» **Your assignment**
Begin at the line below that holds "Funny Engineer Sayings" and end at the line that holds "Ravella to projekt, który", transcribing each line exactly and skipping any picture.

» **Dataset excerpts**
━━━━━━━━━━━━━━━━━━━━

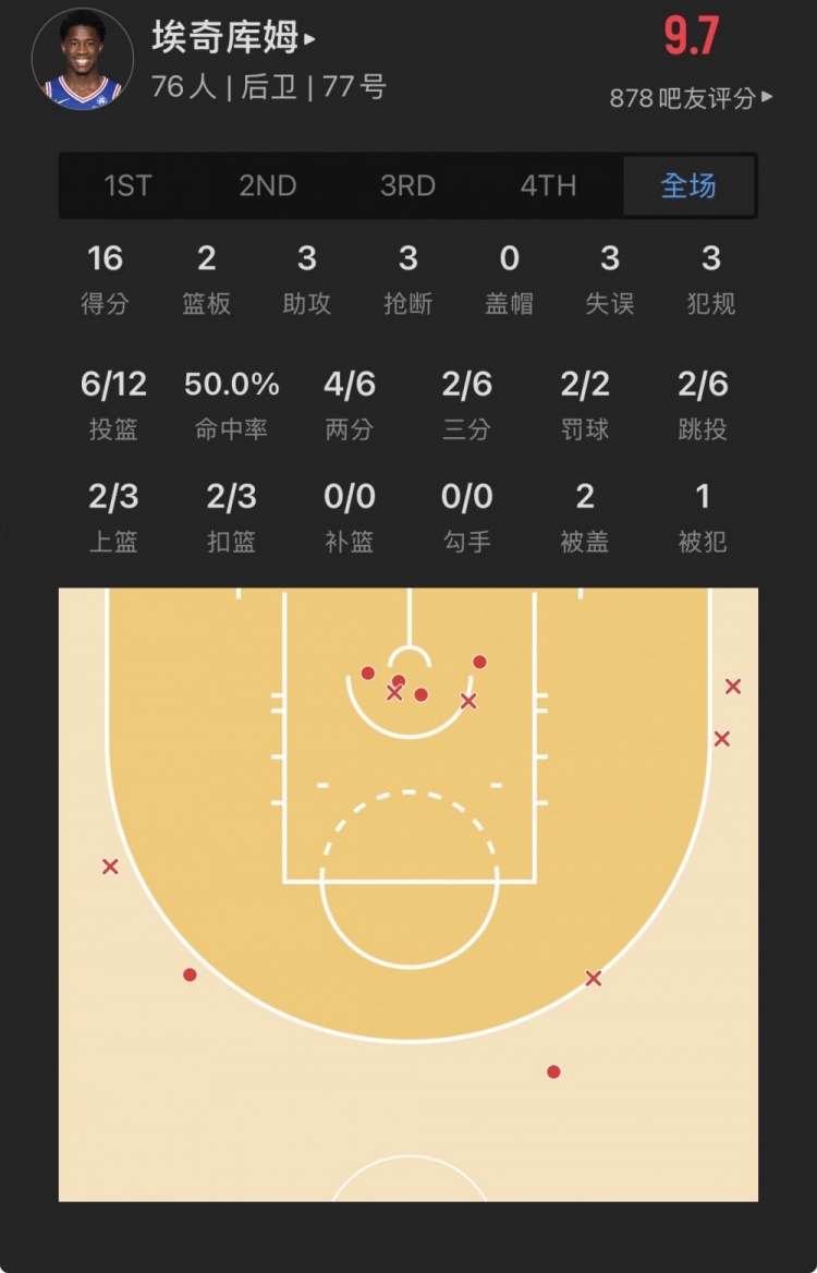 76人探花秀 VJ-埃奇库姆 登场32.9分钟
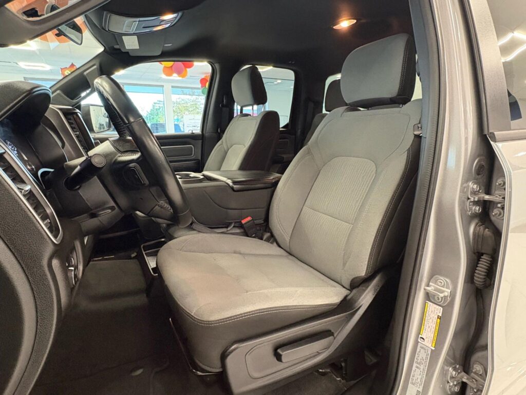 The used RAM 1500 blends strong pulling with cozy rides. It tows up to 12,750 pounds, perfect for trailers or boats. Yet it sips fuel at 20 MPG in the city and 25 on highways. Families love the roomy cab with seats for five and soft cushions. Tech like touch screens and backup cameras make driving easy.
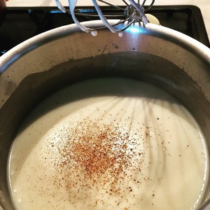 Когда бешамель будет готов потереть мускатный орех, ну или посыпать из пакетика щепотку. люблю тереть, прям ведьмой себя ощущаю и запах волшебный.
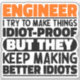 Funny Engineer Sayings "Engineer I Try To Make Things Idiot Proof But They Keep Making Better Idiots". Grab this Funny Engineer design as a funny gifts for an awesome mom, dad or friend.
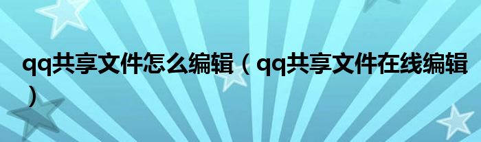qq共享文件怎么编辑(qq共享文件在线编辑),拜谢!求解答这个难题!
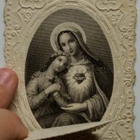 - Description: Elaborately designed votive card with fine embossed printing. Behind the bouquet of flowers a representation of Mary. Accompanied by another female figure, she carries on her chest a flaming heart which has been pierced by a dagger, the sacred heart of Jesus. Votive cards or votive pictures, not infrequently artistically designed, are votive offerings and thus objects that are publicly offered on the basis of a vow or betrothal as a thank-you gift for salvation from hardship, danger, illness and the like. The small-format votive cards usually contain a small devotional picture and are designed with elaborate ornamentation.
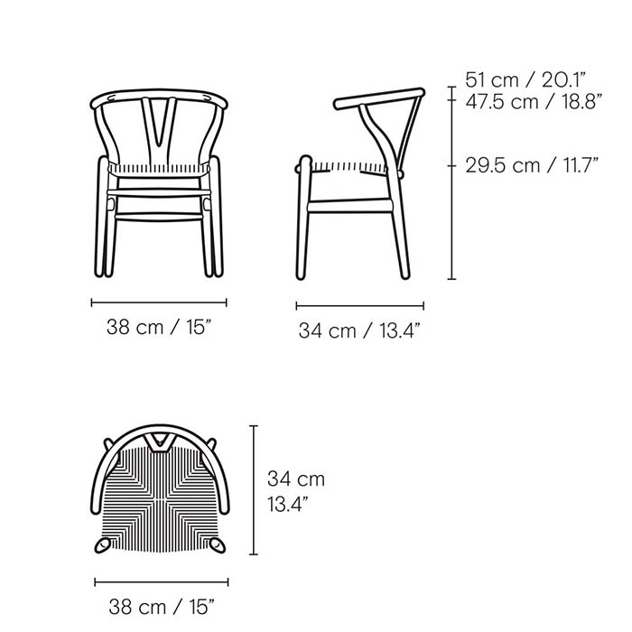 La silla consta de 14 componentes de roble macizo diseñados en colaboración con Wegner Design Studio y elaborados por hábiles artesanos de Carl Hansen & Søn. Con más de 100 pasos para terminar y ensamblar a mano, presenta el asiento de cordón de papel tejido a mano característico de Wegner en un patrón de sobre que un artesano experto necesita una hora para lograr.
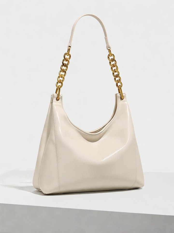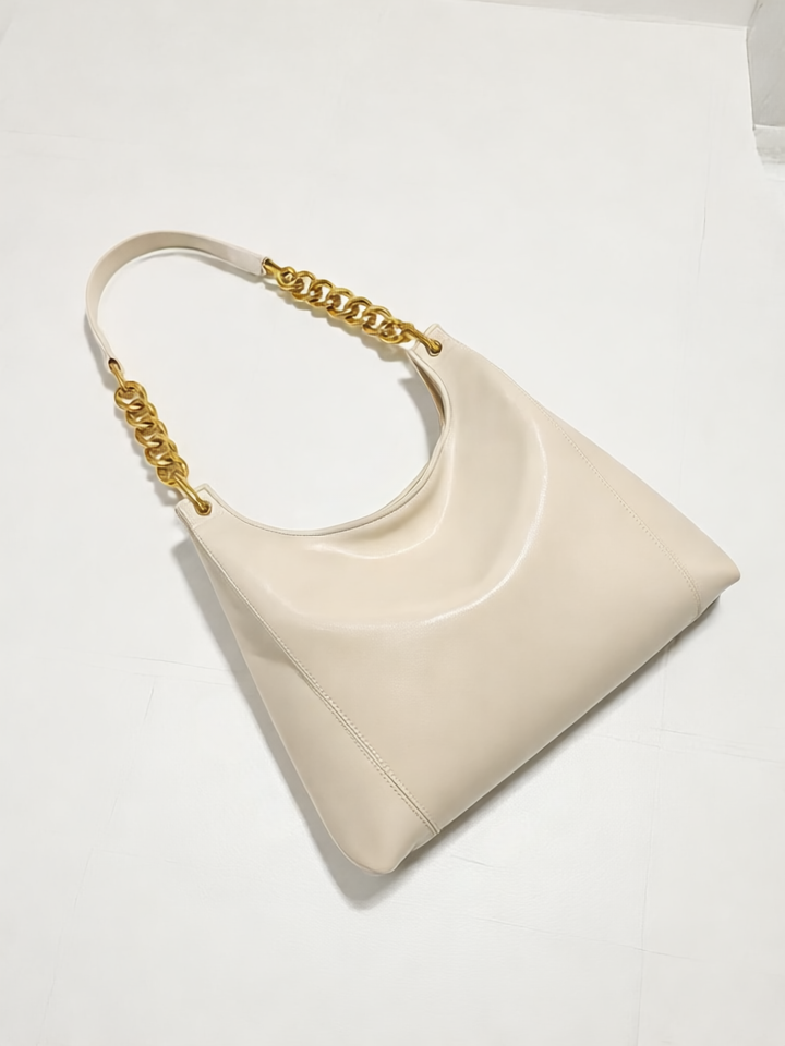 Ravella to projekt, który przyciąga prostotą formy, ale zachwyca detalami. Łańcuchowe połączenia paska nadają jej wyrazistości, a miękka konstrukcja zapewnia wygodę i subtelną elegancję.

━━━━━━━━━━━━━━━━━━━━

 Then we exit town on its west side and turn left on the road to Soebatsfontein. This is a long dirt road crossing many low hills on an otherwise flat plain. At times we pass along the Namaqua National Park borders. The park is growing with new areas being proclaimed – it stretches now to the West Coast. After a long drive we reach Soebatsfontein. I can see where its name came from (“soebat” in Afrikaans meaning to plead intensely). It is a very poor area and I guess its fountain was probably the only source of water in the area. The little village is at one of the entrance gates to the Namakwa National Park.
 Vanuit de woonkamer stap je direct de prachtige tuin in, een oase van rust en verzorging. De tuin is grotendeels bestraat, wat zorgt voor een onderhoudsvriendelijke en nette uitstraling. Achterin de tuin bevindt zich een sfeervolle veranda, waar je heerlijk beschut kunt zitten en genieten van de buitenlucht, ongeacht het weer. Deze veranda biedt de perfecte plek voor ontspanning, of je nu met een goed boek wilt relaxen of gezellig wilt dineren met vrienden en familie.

━━━━━━━━━━━━━━━━━━━━

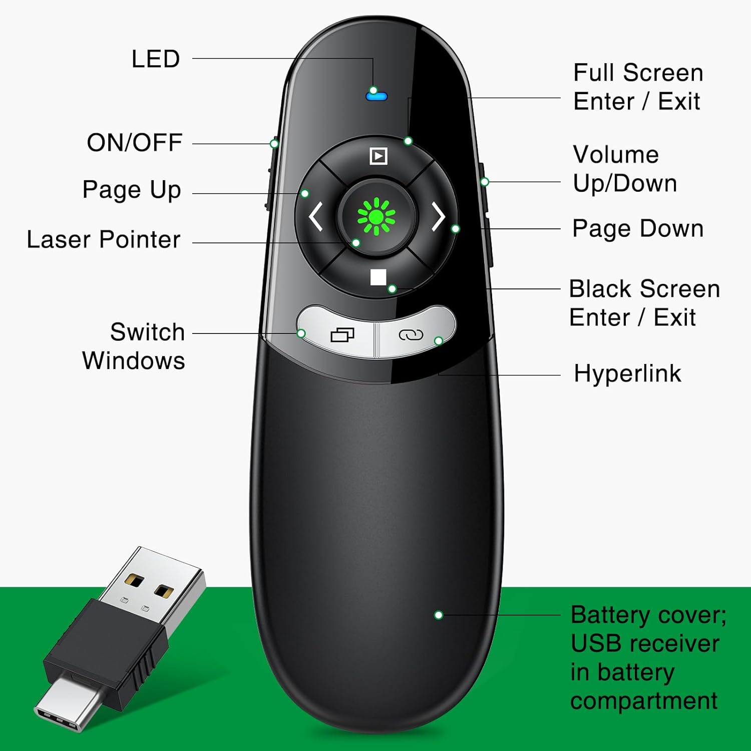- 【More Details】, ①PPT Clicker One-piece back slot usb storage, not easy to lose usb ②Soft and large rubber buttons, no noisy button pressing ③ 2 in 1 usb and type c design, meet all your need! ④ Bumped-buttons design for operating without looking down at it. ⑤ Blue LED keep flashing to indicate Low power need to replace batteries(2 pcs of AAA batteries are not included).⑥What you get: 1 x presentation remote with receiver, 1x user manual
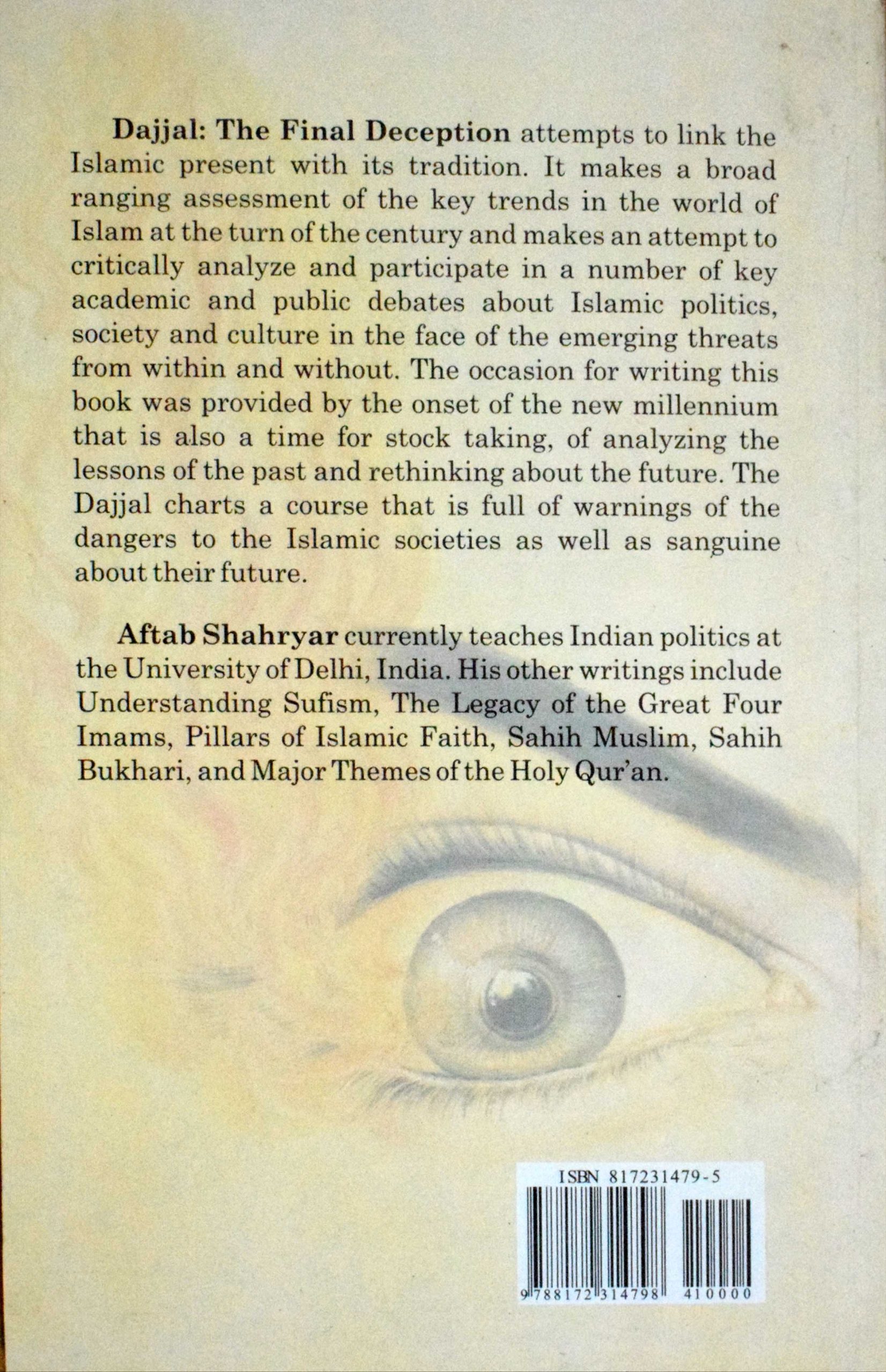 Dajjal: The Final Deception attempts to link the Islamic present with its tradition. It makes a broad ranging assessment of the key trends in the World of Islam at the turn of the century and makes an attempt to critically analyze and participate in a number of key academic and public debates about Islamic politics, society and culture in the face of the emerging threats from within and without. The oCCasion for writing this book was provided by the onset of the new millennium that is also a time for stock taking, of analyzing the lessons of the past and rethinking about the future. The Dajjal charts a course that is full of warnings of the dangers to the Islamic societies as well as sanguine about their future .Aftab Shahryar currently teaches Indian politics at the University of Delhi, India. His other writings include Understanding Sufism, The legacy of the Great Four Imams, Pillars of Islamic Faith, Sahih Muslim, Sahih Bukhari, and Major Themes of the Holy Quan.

━━━━━━━━━━━━━━━━━━━━

» **Result**
 Funny Engineer Sayings "Engineer I Try To Make Things Idiot Proof But They Keep Making Better Idiots". Grab this Funny Engineer design as a funny gifts for an awesome mom, dad or friend.
qq共享文件怎么编辑(qq共享文件在线编辑),拜谢!求解答这个难题!
 - Description: Elaborately designed votive card with fine embossed printing. Behind the bouquet of flowers a representation of Mary. Accompanied by another female figure, she carries on her chest a flaming heart which has been pierced by a dagger, the sacred heart of Jesus. Votive cards or votive pictures, not infrequently artistically designed, are votive offerings and thus objects that are publicly offered on the basis of a vow or betrothal as a thank-you gift for salvation from hardship, danger, illness and the like. The small-format votive cards usually contain a small devotional picture and are designed with elaborate ornamentation.
 La silla consta de 14 componentes de roble macizo diseñados en colaboración con Wegner Design Studio y elaborados por hábiles artesanos de Carl Hansen & Søn. Con más de 100 pasos para terminar y ensamblar a mano, presenta el asiento de cordón de papel tejido a mano característico de Wegner en un patrón de sobre que un artesano experto necesita una hora para lograr.
 Ravella to projekt, który przyciąga prostotą formy, ale zachwyca detalami. Łańcuchowe połączenia paska nadają jej wyrazistości, a miękka konstrukcja zapewnia wygodę i subtelną elegancję.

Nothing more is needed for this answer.